Wherever pictures appear in the listing below, leave them out, and copy exactly, and only, everything from the line with "데이터 절약은 간단한" down to the line with "Четыре спасателя выехали".

+++ Data section

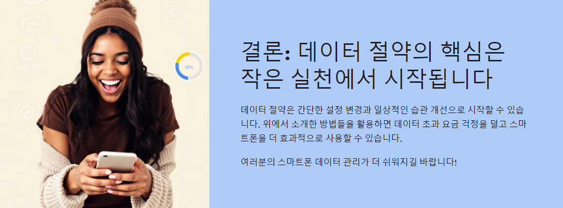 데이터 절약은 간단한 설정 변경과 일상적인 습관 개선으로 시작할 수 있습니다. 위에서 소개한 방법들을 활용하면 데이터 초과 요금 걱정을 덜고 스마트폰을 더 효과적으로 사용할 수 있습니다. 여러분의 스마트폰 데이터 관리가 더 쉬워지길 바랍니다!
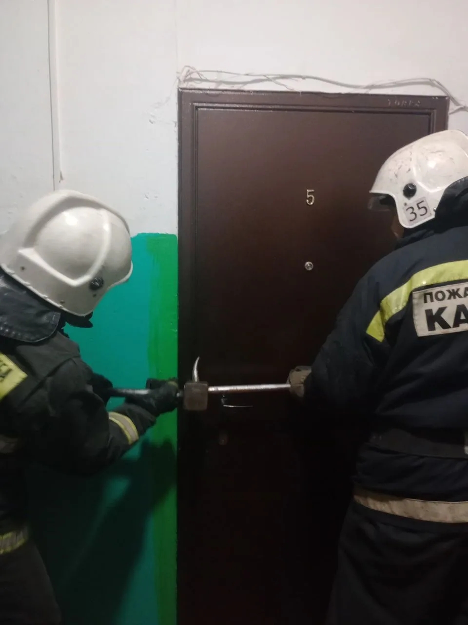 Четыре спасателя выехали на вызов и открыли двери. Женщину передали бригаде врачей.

++++++
+++ Data section

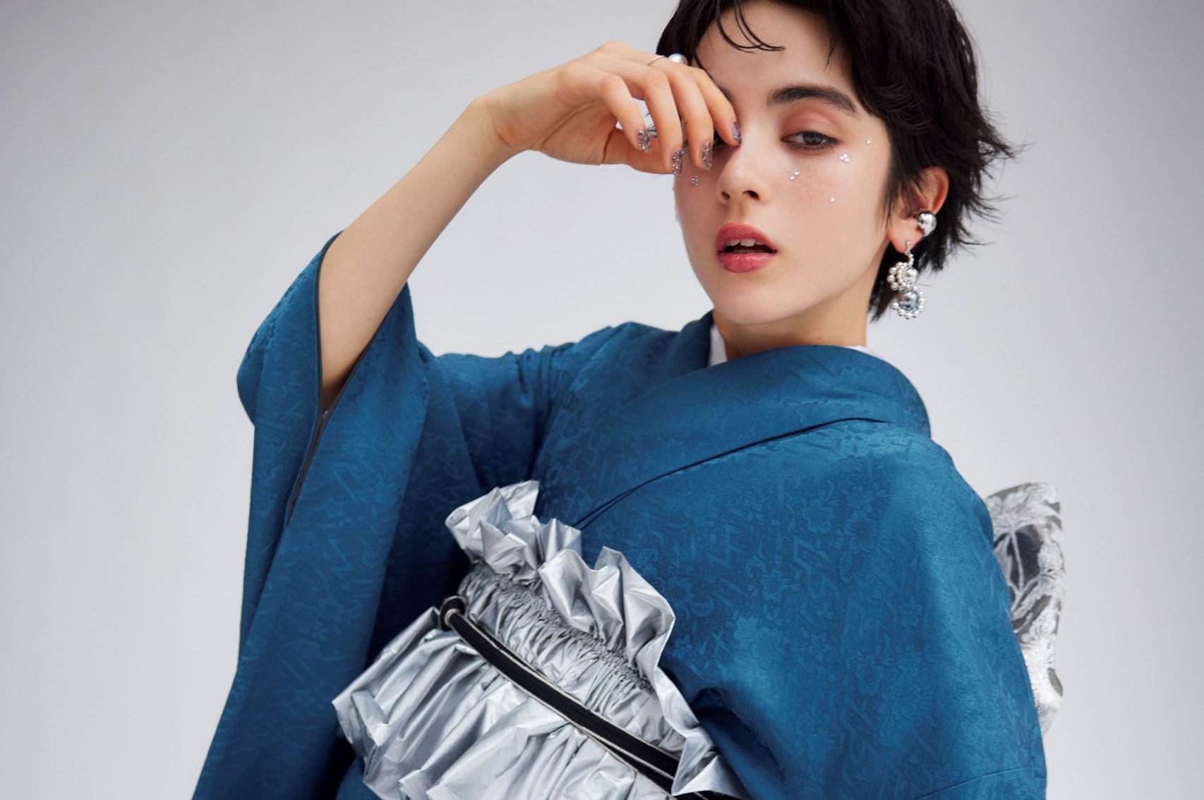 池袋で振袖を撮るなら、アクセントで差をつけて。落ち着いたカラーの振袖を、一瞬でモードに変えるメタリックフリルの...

++++++
+++ Data section

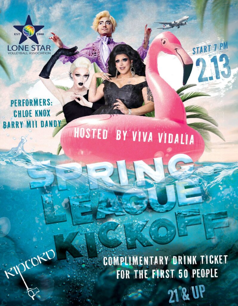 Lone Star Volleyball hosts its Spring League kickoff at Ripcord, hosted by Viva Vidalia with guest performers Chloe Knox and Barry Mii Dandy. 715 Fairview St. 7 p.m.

++++++

## Written response
 데이터 절약은 간단한 설정 변경과 일상적인 습관 개선으로 시작할 수 있습니다. 위에서 소개한 방법들을 활용하면 데이터 초과 요금 걱정을 덜고 스마트폰을 더 효과적으로 사용할 수 있습니다. 여러분의 스마트폰 데이터 관리가 더 쉬워지길 바랍니다!
 Четыре спасателя выехали на вызов и открыли двери. Женщину передали бригаде врачей.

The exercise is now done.